### Task objective
Send back all of the data, word for word.

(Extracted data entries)

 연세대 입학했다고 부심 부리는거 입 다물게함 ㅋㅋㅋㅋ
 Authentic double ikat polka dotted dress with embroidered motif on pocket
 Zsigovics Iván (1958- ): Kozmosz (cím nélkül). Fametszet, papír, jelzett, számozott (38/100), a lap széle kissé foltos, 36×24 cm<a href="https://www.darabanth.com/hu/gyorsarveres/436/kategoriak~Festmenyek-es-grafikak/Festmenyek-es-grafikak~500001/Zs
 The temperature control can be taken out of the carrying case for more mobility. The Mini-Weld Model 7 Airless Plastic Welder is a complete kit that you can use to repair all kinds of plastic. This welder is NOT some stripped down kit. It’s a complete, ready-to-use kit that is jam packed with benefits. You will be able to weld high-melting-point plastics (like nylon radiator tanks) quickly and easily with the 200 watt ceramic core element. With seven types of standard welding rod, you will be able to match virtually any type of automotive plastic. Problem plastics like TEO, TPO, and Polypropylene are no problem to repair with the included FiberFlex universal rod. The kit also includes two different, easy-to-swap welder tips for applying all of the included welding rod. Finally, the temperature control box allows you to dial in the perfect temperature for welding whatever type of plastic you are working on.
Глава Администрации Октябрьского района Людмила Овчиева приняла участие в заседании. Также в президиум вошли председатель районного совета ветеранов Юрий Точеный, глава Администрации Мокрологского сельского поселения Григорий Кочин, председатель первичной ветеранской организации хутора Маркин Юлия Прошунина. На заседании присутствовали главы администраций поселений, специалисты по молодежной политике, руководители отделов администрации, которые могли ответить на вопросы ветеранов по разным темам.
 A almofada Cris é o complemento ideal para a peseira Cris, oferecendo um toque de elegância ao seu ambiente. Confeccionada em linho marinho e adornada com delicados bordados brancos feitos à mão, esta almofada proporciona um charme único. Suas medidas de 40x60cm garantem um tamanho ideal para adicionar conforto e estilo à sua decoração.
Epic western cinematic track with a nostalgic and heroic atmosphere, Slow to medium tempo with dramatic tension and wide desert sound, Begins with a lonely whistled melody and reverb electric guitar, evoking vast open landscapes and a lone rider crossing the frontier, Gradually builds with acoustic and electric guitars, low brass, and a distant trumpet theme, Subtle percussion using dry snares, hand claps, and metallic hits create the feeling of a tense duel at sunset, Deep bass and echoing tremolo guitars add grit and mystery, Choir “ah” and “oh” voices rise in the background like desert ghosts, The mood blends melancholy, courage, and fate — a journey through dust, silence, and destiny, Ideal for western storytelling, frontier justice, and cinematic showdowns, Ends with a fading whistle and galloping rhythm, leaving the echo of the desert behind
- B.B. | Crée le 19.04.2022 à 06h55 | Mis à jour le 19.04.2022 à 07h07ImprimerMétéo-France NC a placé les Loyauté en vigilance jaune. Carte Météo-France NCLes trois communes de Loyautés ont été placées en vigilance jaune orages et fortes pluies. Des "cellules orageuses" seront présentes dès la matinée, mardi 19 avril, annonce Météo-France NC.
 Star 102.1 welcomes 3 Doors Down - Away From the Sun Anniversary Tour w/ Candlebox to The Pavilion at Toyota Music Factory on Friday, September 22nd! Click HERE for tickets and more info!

### Task response
 연세대 입학했다고 부심 부리는거 입 다물게함 ㅋㅋㅋㅋ
 Authentic double ikat polka dotted dress with embroidered motif on pocket
 Zsigovics Iván (1958- ): Kozmosz (cím nélkül). Fametszet, papír, jelzett, számozott (38/100), a lap széle kissé foltos, 36×24 cm<a href="https://www.darabanth.com/hu/gyorsarveres/436/kategoriak~Festmenyek-es-grafikak/Festmenyek-es-grafikak~500001/Zs
 The temperature control can be taken out of the carrying case for more mobility. The Mini-Weld Model 7 Airless Plastic Welder is a complete kit that you can use to repair all kinds of plastic. This welder is NOT some stripped down kit. It’s a complete, ready-to-use kit that is jam packed with benefits. You will be able to weld high-melting-point plastics (like nylon radiator tanks) quickly and easily with the 200 watt ceramic core element. With seven types of standard welding rod, you will be able to match virtually any type of automotive plastic. Problem plastics like TEO, TPO, and Polypropylene are no problem to repair with the included FiberFlex universal rod. The kit also includes two different, easy-to-swap welder tips for applying all of the included welding rod. Finally, the temperature control box allows you to dial in the perfect temperature for welding whatever type of plastic you are working on.
Глава Администрации Октябрьского района Людмила Овчиева приняла участие в заседании. Также в президиум вошли председатель районного совета ветеранов Юрий Точеный, глава Администрации Мокрологского сельского поселения Григорий Кочин, председатель первичной ветеранской организации хутора Маркин Юлия Прошунина. На заседании присутствовали главы администраций поселений, специалисты по молодежной политике, руководители отделов администрации, которые могли ответить на вопросы ветеранов по разным темам.
 A almofada Cris é o complemento ideal para a peseira Cris, oferecendo um toque de elegância ao seu ambiente. Confeccionada em linho marinho e adornada com delicados bordados brancos feitos à mão, esta almofada proporciona um charme único. Suas medidas de 40x60cm garantem um tamanho ideal para adicionar conforto e estilo à sua decoração.
Epic western cinematic track with a nostalgic and heroic atmosphere, Slow to medium tempo with dramatic tension and wide desert sound, Begins with a lonely whistled melody and reverb electric guitar, evoking vast open landscapes and a lone rider crossing the frontier, Gradually builds with acoustic and electric guitars, low brass, and a distant trumpet theme, Subtle percussion using dry snares, hand claps, and metallic hits create the feeling of a tense duel at sunset, Deep bass and echoing tremolo guitars add grit and mystery, Choir “ah” and “oh” voices rise in the background like desert ghosts, The mood blends melancholy, courage, and fate — a journey through dust, silence, and destiny, Ideal for western storytelling, frontier justice, and cinematic showdowns, Ends with a fading whistle and galloping rhythm, leaving the echo of the desert behind
- B.B. | Crée le 19.04.2022 à 06h55 | Mis à jour le 19.04.2022 à 07h07ImprimerMétéo-France NC a placé les Loyauté en vigilance jaune. Carte Météo-France NCLes trois communes de Loyautés ont été placées en vigilance jaune orages et fortes pluies. Des "cellules orageuses" seront présentes dès la matinée, mardi 19 avril, annonce Météo-France NC.
 Star 102.1 welcomes 3 Doors Down - Away From the Sun Anniversary Tour w/ Candlebox to The Pavilion at Toyota Music Factory on Friday, September 22nd! Click HERE for tickets and more info!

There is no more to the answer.